I discovered that there’s one place you will immediately see a huge difference in a 12 bit vs 14 bit photo. Take three or more bracketed RAW files from a D810 through Photomatix for an HDR file. The 12 bit will come out a bright green, no matter what colors were in the viewfinder. 14 bit files work as you would expect. It was driving me crazy until I looked through the FAQs on Photomatix. Sure enough, their current software as of mid Dec, 2016 can only deal with 14 bit RAW files from the D810. JPEGs, should you wish, work just fine, although if you care enough to buy a D810, shoot HDR and go through Photomatix, I would expect you to use RAW.
A very interesting article in which the proof is in the image(s)… I think. And interesting that comments are still coming in a year later.
One point that was made several times is that 24-bit colour depth is all that we can see on the monitor; another point made is that 14-bit data has more information than 12-bit data, hence more room for fine adjustment.

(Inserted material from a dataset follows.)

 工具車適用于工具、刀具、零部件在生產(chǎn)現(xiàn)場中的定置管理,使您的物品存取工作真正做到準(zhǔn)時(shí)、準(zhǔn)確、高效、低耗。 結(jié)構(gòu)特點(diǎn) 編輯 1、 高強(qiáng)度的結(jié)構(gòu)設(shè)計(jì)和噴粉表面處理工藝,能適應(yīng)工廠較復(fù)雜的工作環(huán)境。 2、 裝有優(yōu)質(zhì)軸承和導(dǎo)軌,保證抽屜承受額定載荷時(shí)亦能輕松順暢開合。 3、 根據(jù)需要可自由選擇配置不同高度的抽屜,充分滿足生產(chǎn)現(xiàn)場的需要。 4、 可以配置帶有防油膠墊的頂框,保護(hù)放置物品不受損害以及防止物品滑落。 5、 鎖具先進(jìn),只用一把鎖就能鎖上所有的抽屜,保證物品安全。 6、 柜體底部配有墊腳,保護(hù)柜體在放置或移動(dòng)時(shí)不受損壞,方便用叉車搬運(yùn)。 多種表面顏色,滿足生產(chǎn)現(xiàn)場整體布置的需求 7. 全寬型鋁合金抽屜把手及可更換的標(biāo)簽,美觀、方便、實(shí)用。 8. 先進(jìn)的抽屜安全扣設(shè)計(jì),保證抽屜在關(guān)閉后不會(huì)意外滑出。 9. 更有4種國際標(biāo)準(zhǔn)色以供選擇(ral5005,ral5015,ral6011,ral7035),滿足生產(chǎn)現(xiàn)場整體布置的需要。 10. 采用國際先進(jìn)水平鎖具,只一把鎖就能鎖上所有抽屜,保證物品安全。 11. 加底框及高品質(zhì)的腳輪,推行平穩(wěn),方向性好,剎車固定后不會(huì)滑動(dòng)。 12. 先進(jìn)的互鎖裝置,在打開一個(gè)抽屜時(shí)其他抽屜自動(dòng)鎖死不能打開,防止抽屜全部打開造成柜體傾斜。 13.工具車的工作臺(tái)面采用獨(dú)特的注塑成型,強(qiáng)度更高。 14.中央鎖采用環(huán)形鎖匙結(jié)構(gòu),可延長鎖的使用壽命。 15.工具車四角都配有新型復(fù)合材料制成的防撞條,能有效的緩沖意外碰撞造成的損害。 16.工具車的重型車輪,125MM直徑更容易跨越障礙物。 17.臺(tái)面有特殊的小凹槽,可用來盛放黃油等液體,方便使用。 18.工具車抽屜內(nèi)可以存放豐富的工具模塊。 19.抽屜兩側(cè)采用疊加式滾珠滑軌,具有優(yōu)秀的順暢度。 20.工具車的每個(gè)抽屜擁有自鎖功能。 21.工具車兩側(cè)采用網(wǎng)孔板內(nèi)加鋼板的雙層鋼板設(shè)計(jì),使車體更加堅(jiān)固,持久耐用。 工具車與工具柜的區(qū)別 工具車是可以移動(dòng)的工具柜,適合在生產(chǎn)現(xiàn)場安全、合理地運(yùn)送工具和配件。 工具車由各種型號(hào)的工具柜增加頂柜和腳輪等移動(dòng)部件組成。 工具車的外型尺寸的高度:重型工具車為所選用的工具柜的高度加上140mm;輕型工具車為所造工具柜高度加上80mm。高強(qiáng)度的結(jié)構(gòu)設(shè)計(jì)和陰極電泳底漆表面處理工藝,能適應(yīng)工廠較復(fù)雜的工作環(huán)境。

If I put these ideas together, notwithstanding that more bits gives you finer control/resolution over the changes you make, are you not viewing those changes on an 8-bit-per-channel monitor as you tweak your image? Considering just a single colour channel, a change in value from say 1 to 2 in 8-bit space should be visible on the monitor as a change in brightness. If my data structure in computer memory were 16-bit-per-channel it would still get quantized into 8-bit-per-channel for display. Thus, data values from 0 to 255 in 16-bit space would map to 0 in 8-bit space; values from 256 to 511 would map to 1; 512 to 767 would map to 3; etc.
So in doing fine adjustments to my 16-bit data, how would I see the effect of changes in which the 16-bit space value were adjusted from say 585 to 728? Would this change not be invisible, because both values still display as just 3 in 8-bit space? Do I not have to cross the threshold of the mapped 8-bit values before I can detect that I have made a change to my image?
I know this is slightly off the topic of 12- vs 14-bit data, but it has me baffled as to why we need more information than what can be displayed (or printed).
I frequent a number of photography forums and, anytime the issue of image quality comes up, I see pages and pages and pages of text. There are technical explanations that might or might not be correct, there are glossy descriptions of differences noted, but most of all there are pages and pages of text. I enjoy articles like this because they’re image heavy, letting the reader decide whether the reader can see a difference in images. Instead of text, I’d rather see someone in the comments post a dropbox link with visual confirmation of the differences they’re describing … after all, image quality is about images.
The test i a bit misleading. Posted images will not help. Some comments pointed at it already.
14 bit is about more infirmation stored. You will no t be able to see it right away.
If your shot a picture which is perfect for you ( some sharpening and minor color grading might be added)
14 bit is not needed.
But if you start processing the pictures to your liking or to reach a specific look or to rescue a not so well made shot this more of information might help to prevent colorbending or other ugly outcomes.